The obtained cerebrospinal fluid is used in veterinary medicine to correct various animal pathologies, including anemia, dystrophy, respiratory, intestinal infections of animals, to obtain meat weight gain.

The method that is claimed allows to obtain valuable biological raw materials for the preparation with powerful immunological and adaptogenic properties at minimal cost.

Example 1

In the laboratory of microbiology, cattle spinal fluid (CSF) sterility was studied. We studied CSF samples for sterility, including the inoculation of 2 ml CSF samples in enrichment media — sugar broth, incubation in this growth medium for 24

hours, followed by sampling of 0.1 ml of each sample and seeding on various nutrient media. Accounting for the grown colonies of bacteria was carried out visually. Identification of the selected cultures was carried out by standard microbiological methods in accordance with the Bergey determinant. The results of the study showed the absence of CSF contamination.

Passing cerebrospinal fluid through antibacterial filters "Millipor" allows to ensure the sterility of cerebrospinal fluid while preserving biologically active substances, which is confirmed by the results of studies of the effectiveness of the introduction of such a drug. Passing the cerebrospinal fluid through the Millipor antibacterial filters allows preservation of finely dispersed biologically active substances in the CSF.

The proposed method allows to obtain a cerebrospinal fluid preparation, which is not inferior to the closest analogue in sterility and ensures the absence of CSF contamination - contamination by bacteria under all conditions stated in the method.

The advantages of the method are to obtain a higher-quality cerebrospinal fluid preparation than in the closest analogue, which allows to reduce the cost of its production, minimize the time and simplify the manufacturing process of the drug.

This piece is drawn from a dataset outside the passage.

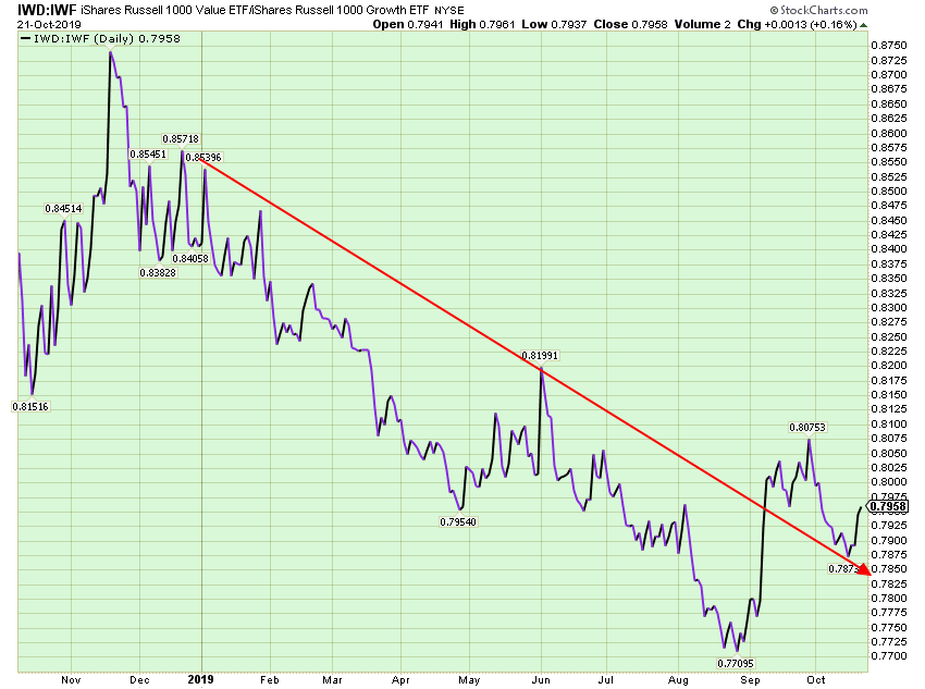 This supports a pivot in the Value/Growth ratio. The successful test of September's reversal came last last week. The downtrend in this ratio created by the now-aborted monetary tightening of 2017-18, seems to be broken.

The proposed method eliminates the ingress of blood and soft tissues into the resulting cerebrospinal fluid preparation, increases the pressure in the system to facilitate excretion of the cerebrospinal fluid, and ensures the integrity of the system as a whole. Providing these conditions will improve the quality of cerebrospinal fluid as a substrate for the production of an immunobiological preparation for veterinary medicine.

This method does not require special equipment. The proposed method is fast, cheap and easy to use.

Claims (1)

A method of obtaining a native biological preparation of cerebrospinal fluid, including intravital suboccipital taking of cerebrospinal fluid of cows, cryopreservation of the obtained raw material with liquid nitrogen and its thawing followed by sterilization and sealing in ampoules, characterized in that the obtained raw material is sterilized by passing it through antibacterial filters and thawing is carried out one stage.